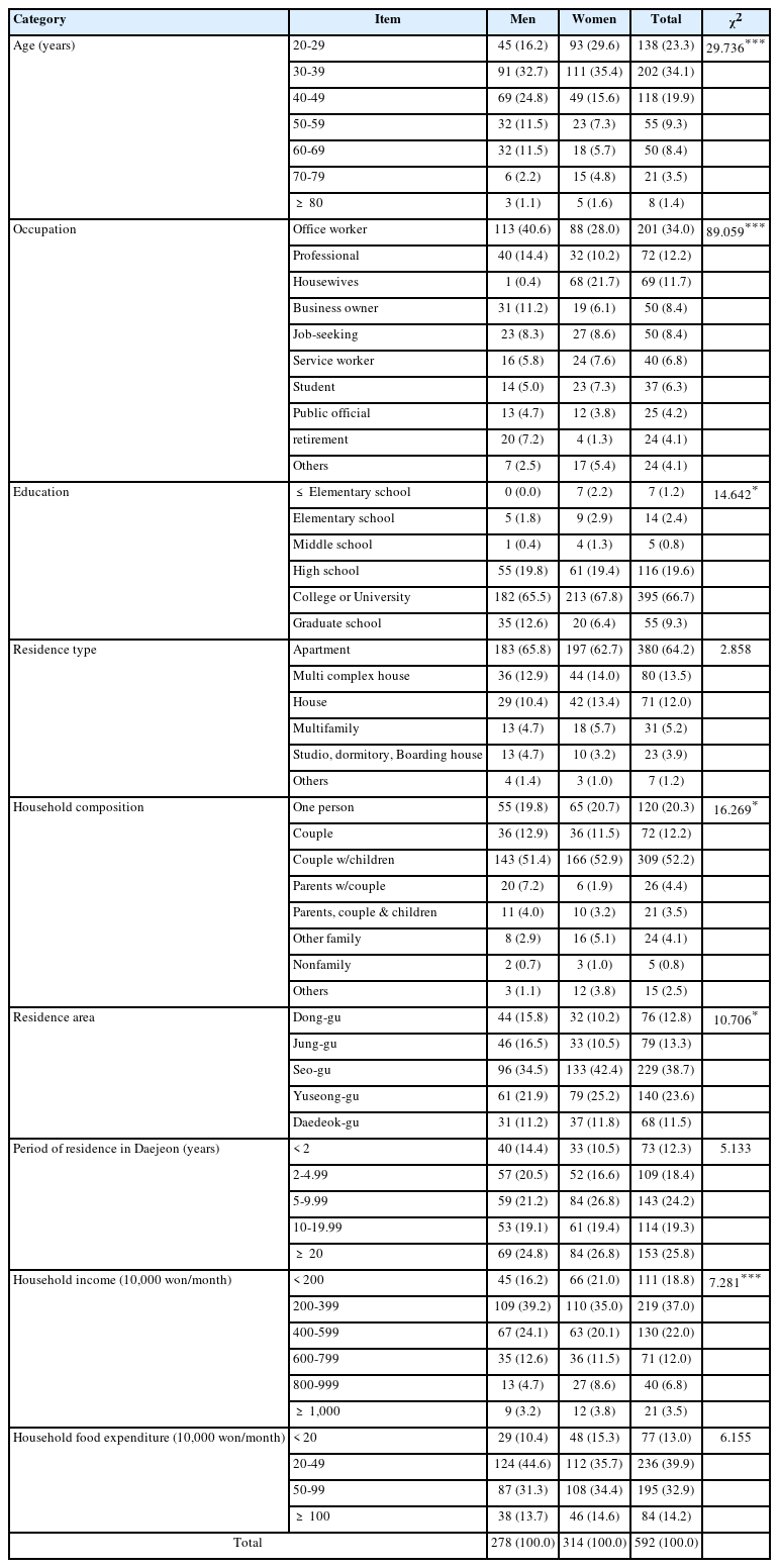 | Household food expenditure (10,000 won/month) | < 20 | 29 (10.4) | 48 (15.3) | 77 (13.0) | 6.155 |
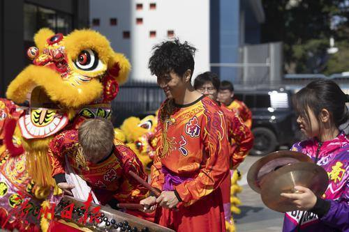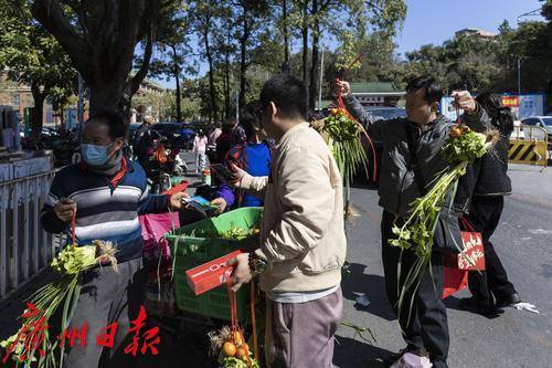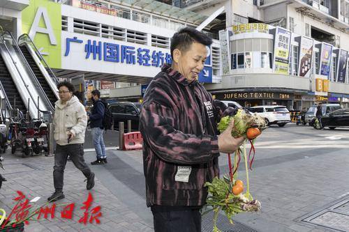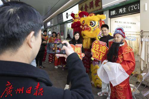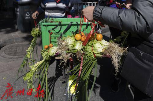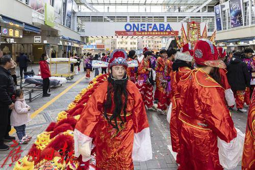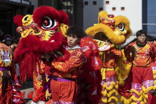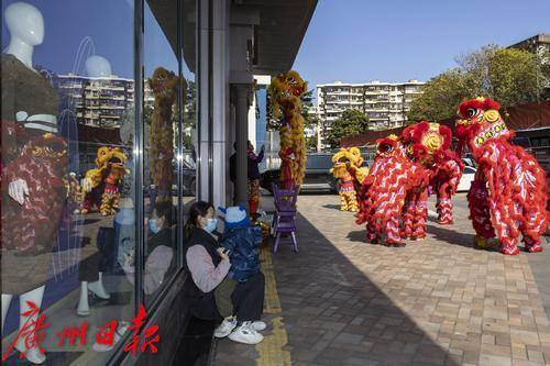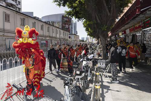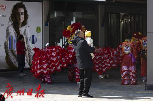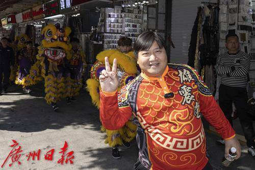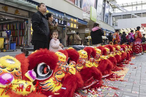2025年2月9日,广州市海珠区,欢快的锣鼓声中,舞狮在街头采青,“财神爷”装扮的年轻人在店铺间穿梭,助力中大纺织商圈开市启鸿运。街头巷尾,市民街坊、档口老板正采购“青”(生菜、蒜苗、芹菜、桔子),寓意新的一年大吉大利。
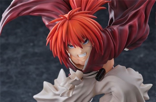 Shadow paint has been applied to the hair, kimono, and pedestal, further enhancing the figure's sense of weight and worldliness. Also, pay attention to the expression of Kenshin's face and the details of his reverse-blade sword!
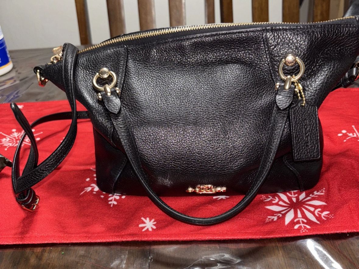 Coach Kacey Satchel Black Pebble Leather Shoulder Bag
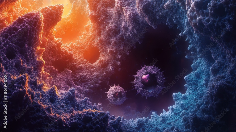 The watermark will not be included on Canvas Print.: Abstract cosmic landscape with glowing structures and spiky formations
____
# Task to complete:
Output the lines above verbatim, images excluded.

# Response:
 | Household food expenditure (10,000 won/month) | < 20 | 29 (10.4) | 48 (15.3) | 77 (13.0) | 6.155 |
2025年2月9日,广州市海珠区,欢快的锣鼓声中,舞狮在街头采青,“财神爷”装扮的年轻人在店铺间穿梭,助力中大纺织商圈开市启鸿运。街头巷尾,市民街坊、档口老板正采购“青”(生菜、蒜苗、芹菜、桔子),寓意新的一年大吉大利。
 Shadow paint has been applied to the hair, kimono, and pedestal, further enhancing the figure's sense of weight and worldliness. Also, pay attention to the expression of Kenshin's face and the details of his reverse-blade sword!
 Coach Kacey Satchel Black Pebble Leather Shoulder Bag
 The watermark will not be included on Canvas Print.: Abstract cosmic landscape with glowing structures and spiky formations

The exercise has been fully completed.